Near Truro, where Britain meets the legends of the mythic sea, Gavin Stokes awaits his Auntie Gwen at an estate called Pendurra.
Gavin has heard a woman’s voice since childhood, a voice he refers to as Miss Grey. His mother thinks he’s batty. His father thinks he’s contrary. His school has suspended him. With parents away for winter vacation, Gavin is sent to Auntie Gwen. In this first of a trilogy, Treadwell links young Gavin to magus John Fiste, a student of “the unseen world” in 1537. On his way to Truro, Gavin encounters Hester Lightfoot, a scholar at Oxford forced to resign because she too hears a voice. Gavin’s aunt isn’t on hand to meet the train, and so Hester drops him off at Gwen’s lodge on the grounds of Pendurra’s ancient manor house. There, Gavin encounters its owner, Tristram Uren, and his fey and feckless 13-year-old daughter Marina. Setting and atmosphere are perfect for a gothic-tinged, magic-driven story: a forbidding opening; strange characters; bizarre noises and shadowy visions; and a narrative that slowly but inexorably circles toward seemingly inevitable doom.

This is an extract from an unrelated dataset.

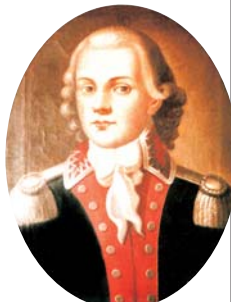
▲ Vyriausiasis 1794 m. sukilimo vadas Lietuvoje Jokūbas Jasinskis .

Shifting from Gavin’s current day to Fiste’s era, the story reveals the great magus is Johannes Faust, whose skill with the black arts allowed him to travel in time to meet Helen of Troy and Cassandra. That there is a link between Fiste/Faust and Gavin becomes apparent when Gavin encounters a mysterious woman near Hester’s village who refers to him as Gawain. She asks Gavin to take her burden, that being “There will be fire and blood…The world will find it a bitter weight.” The book thereafter romps toward a surrealistic and fantastical conclusion filled with dryads and pukas, mermaids and a giant talking crow, trees that come alive, malevolent angels and Gavin's heroic overcoming. Ripe with literary language and classical references, Treadwell’s novel shape-shifts between bewitchingly perplexing and supernaturally entertaining.
A book that should appeal to grown-up Potter-philes.